Generally, RUUPA language reads as follows: 

If the holder does not send communications to the apparent owner of an account by first-class United States mail, the holder shall attempt to confirm the apparent owner’s interest in the property by sending the apparent owner an electronic-mail communication not later than two years after the apparent owner’s last indication of interest in the property. However, the holder promptly shall attempt to contact the apparent owner by first-class United States mail if:

  1. the holder does not have information needed to send the apparent owner an electronic mail communication or the holder believes that the apparent owner’s electronic mail address in the holder’s records is not valid;
  2. the holder receives notification that the electronic-mail communication was not received; or
  3. the apparent owner does not respond to the electronic-mail communication not later than 30 days after the communication was sent.

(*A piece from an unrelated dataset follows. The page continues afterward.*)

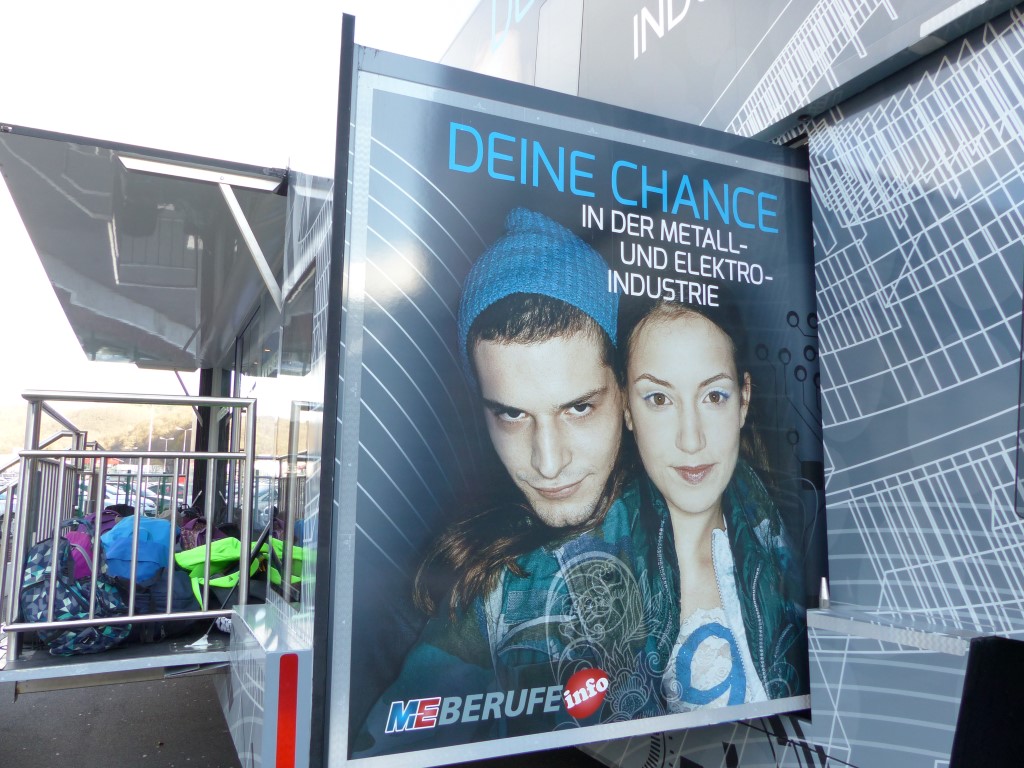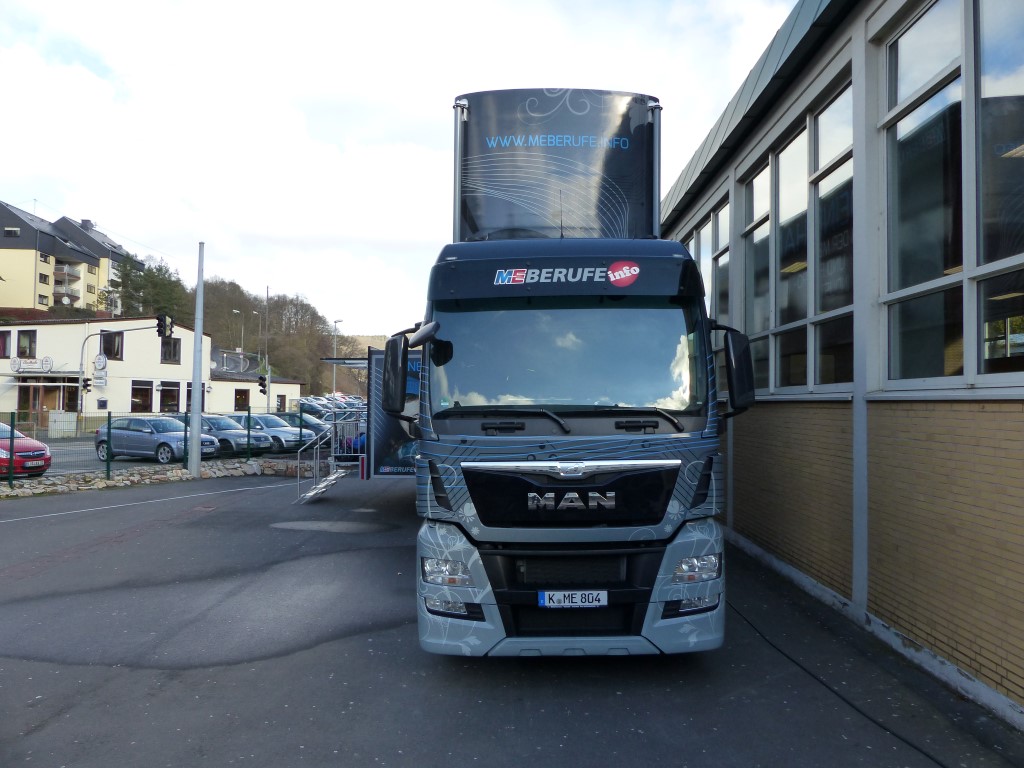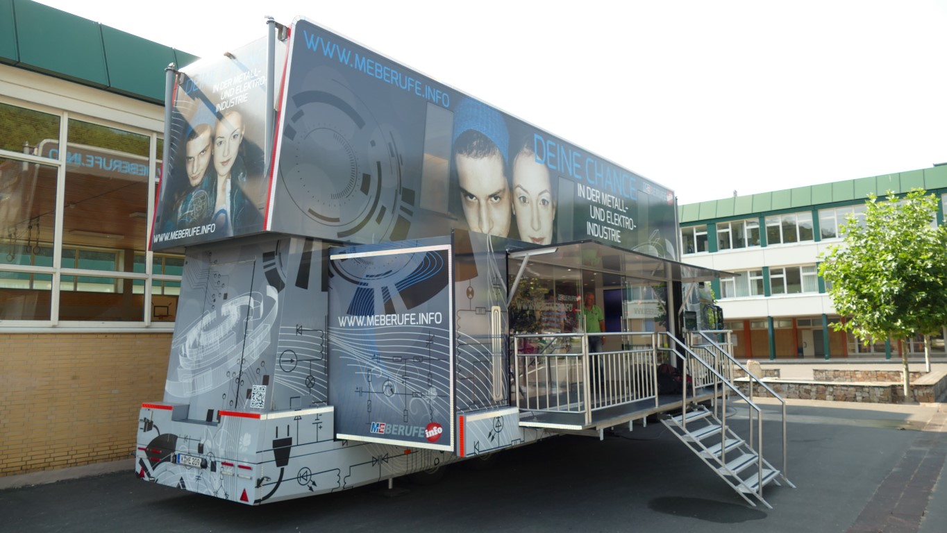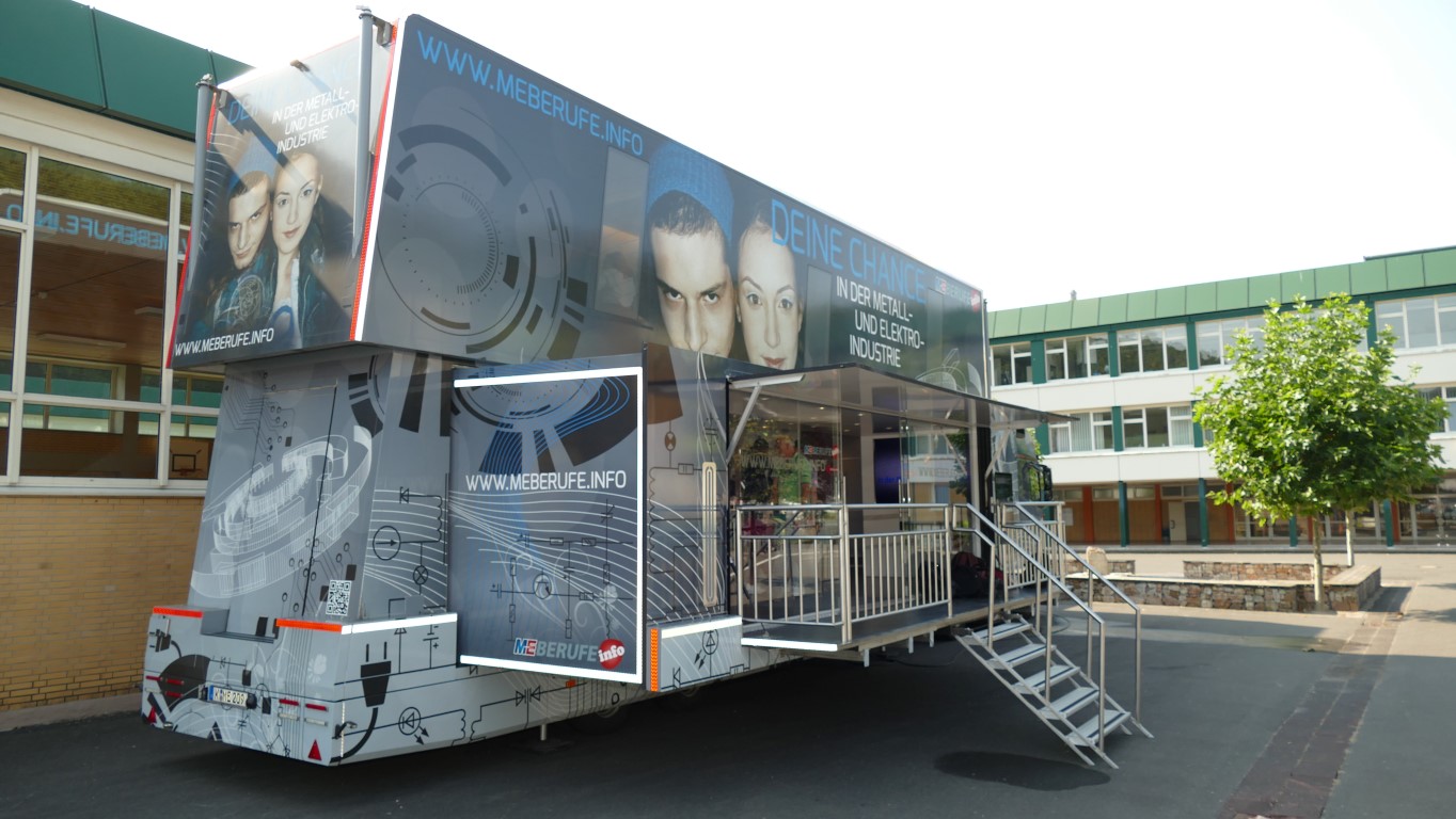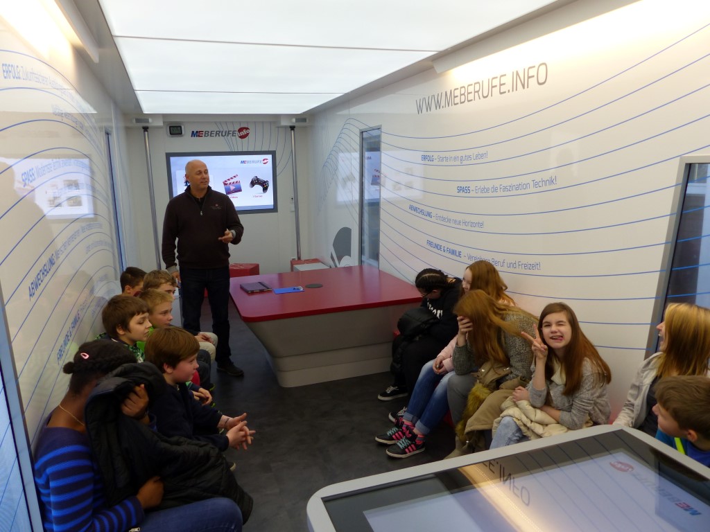 In Kooperation mit der Berufsberatung bot auch dies eine weitere Möglichkeit, freie Ausbildungsplätze in der Region, speziell im Kreis Birkenfeld, zu finden. Professionell begleitet wurden die Jugendlichen durch die Mitarbeiter der EWI-Medien GmbH und durch den Arbeitgeberverband Gesamtmetall. Auch im persönlichen Dialog konnten unsere Schülerinnen und Schüler besondere Themen mit den Mitarbeitern vertiefen. Begeistert waren die Jugendlichen vor allem von der hochwertigen Technik dieses mobilen Berufsinformationszentrums und von der „coolen“ IT-Technik.

Consequently, in states where this language has been adopted, there is typically a mandate for holders to provide advance notice via email before the escheatment process, in addition to the required due diligence. This obligation is specific to property owners who receive communications from the holder through email. The pre-escheat notice becomes mandatory after two years of inactivity, regardless of the dormancy period applicable to the property type. It is essential to track the period of inactivity separately from the dormancy period. A follow up letter by U.S. mail must be sent if one of the three conditions above applies.

Per RUUPA, the pre-presumption outreach requirement applies to tax-deferred retirement accounts, custodial accounts for minors and securities-related accounts.  However, since the finalization of RUUPA, states selectively adopt and modify portions of RUUPA to align with their preferences. This trend is also evident in the pre-presumption outreach provision.

In practice, states seldom adopt the exact RUUPA provision, opting instead to tailor it to their specific needs. After examining all enacted pre-presumption outreach provisions, we can categorize the differences into three main areas: the types of property subject to the pre-presumption outreach obligation, the conditions triggering the requirement for pre-presumption outreach, and the mandate to follow up with outreach via U.S. Mail.

Property types requiring pre-presumption outreach by all holders

In implementing laws inspired by RUUPA, states have not necessarily applied the pre-presumption requirement to the same property types outlined in RUUPA. Instead, many states have expanded the scope of the requirement to encompass additional property types. Specifically, states have included the requirement for some combination of bank accounts, securities accounts, tax-deferred retirement accounts, fiduciary accounts and custodial accounts.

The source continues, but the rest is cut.